Some games use the entire screen as the playing area, so with these it is only the action that you need to concentrate on while in the play mode. Even so, you should give thought to the layout of score tables and message screens that appear at the end of each level. A simple 'Game Over' splashed across the middle of the screen looks very amateurish but is still surprisingly common.

It's a good idea to consider novelties, like the player's character slowly sliding down the screen or disintegrating. You could make the background fade out, or if you have some of the PD screen fade and dither routines, use these. Try having a different end to each level.

Score tables in particular can be very static and boring. You can liven them up considerably with animation. A few game sprites running around the edge is one possibility. Or a sequence where the words and letters are continuously dragged into place by the goodies, only to be shot up by the baddies.

3.4 Preliminary Testing

Before you develop your game too far you will need to check that the overall idea is really viable. The only practical way of doing this is to write as much of the essential parts of the game as possible, with dummy values and deliberate time delaying calculations, so as to nearly as possible reproduce the real game.
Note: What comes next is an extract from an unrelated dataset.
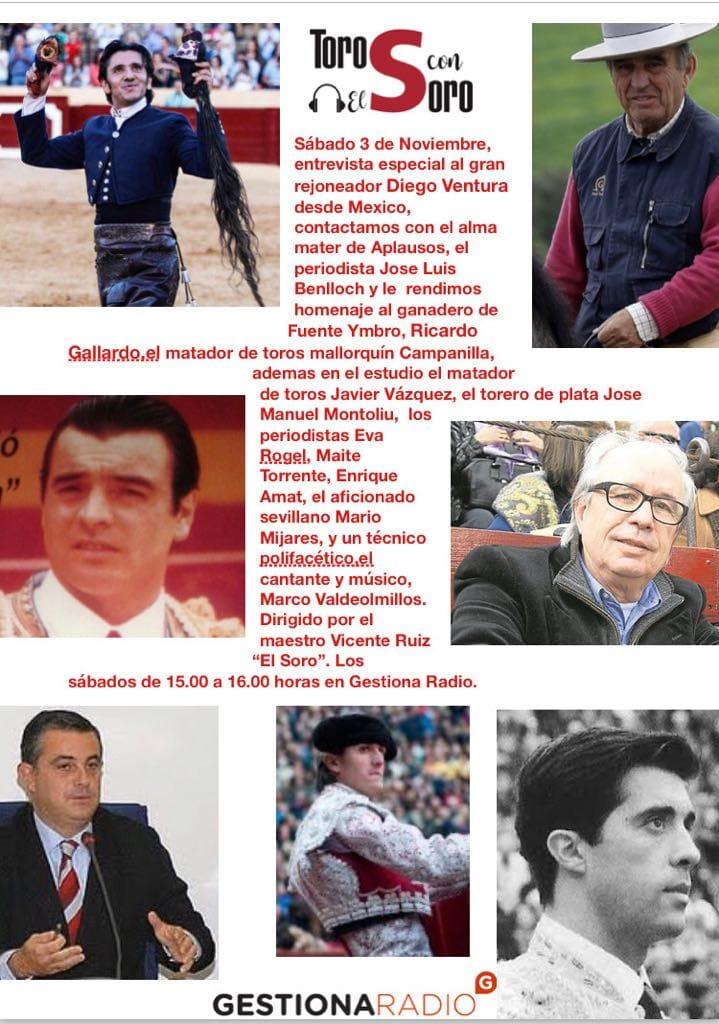El programa TOROS CON EL SORO de Gestiona Radio, que dirige Vicente Ruiz el Soro junto con Eva Rogel y que se emite mañana sábado a partir de las 15.00 horas, tiene un amplio y variado contenido. Con el director del programa a los mandos en el estudio, en la emisión van a estar presentes, entre otros, el rejoneador Diego Ventura, quien actúa el próximo día 11 en la Monumental de México, para hablar de lo que será su temporada por plazas mexicanas.

As you don't want to waste a lot of time with this you should just grab random bits of screen for sprites. It is their size and screen mode that is important, not their content. Similarly, you can use a procedure or function to read key presses and mouse clicks without actually doing anything with the results.

In this way you can quickly establish whether you are likely to have a lot of trouble with your game concept. If you find you are getting bogged down trying to track down a host of irritating but seemingly minor bugs then you shouldn't be afraid to take a deep breath, completely scrap the program but retain the game idea and try again with different data structures, screen layouts, and control procedures. Remember that if it's getting complicated, you're probably doing it wrong. You may, unfortunately, find your game isn't viable at all, but it's better to discover this sooner rather than later.

3.5 Time and Memory

Although the Archimedes is fast, there is still a real need to keep time consuming operations as compact as possible. This usually means some sacrifice in readability. Without getting too cryptic you should reduce variable and procedure names to the minimum readable.

3.5.1 Improving loops

Oddly enough, you can actually make significant speed improvements by increasing the number of variables. The two rather contrived FOR-NEXT loops below do exactly the same job, but the second version works up to 20% faster. This is because there are fewer calculations inside the loop. The more passes there are through the loop, and the more complex the calculations, the greater the difference becomes. For the loops shown, assume that a%, b%,c%,d%, e% and num%() have been defined in some other part of the program.

FOR I%=a%*b% TO c%*d% STEP a%*b%
 e%+=num%(c%*d%-a%*b%)
NEXT
X%=a%*b%
Y%=c%*d%
Z%=Y%-X%
FOR I%=X% TO Y% STEP X%
 e%+=num%(Z%)
NEXT

Where you have a choice of loop constructions write a test program to time the loops with various actions inside them. Make sure you've balanced the most repeated actions against the most complex ones when you do your timings.

3.5.2 Subroutines

Generally Procedures operate faster than Functions as Functions always return a result. Also passing parameters to Procedures and Functions, although desirable for clear bug free programming, is time consuming. This is particularly true of the RETURN keyword used to pass values back from Procedures. Therefore, especially inside repeating loops, it is better to plan data structures to use the minimum of parameter passing and as few local variables as possible. A sensible range of global variables will prove to be far more efficient, but is most important that you document these properly so that you don't try to use the same variable twice.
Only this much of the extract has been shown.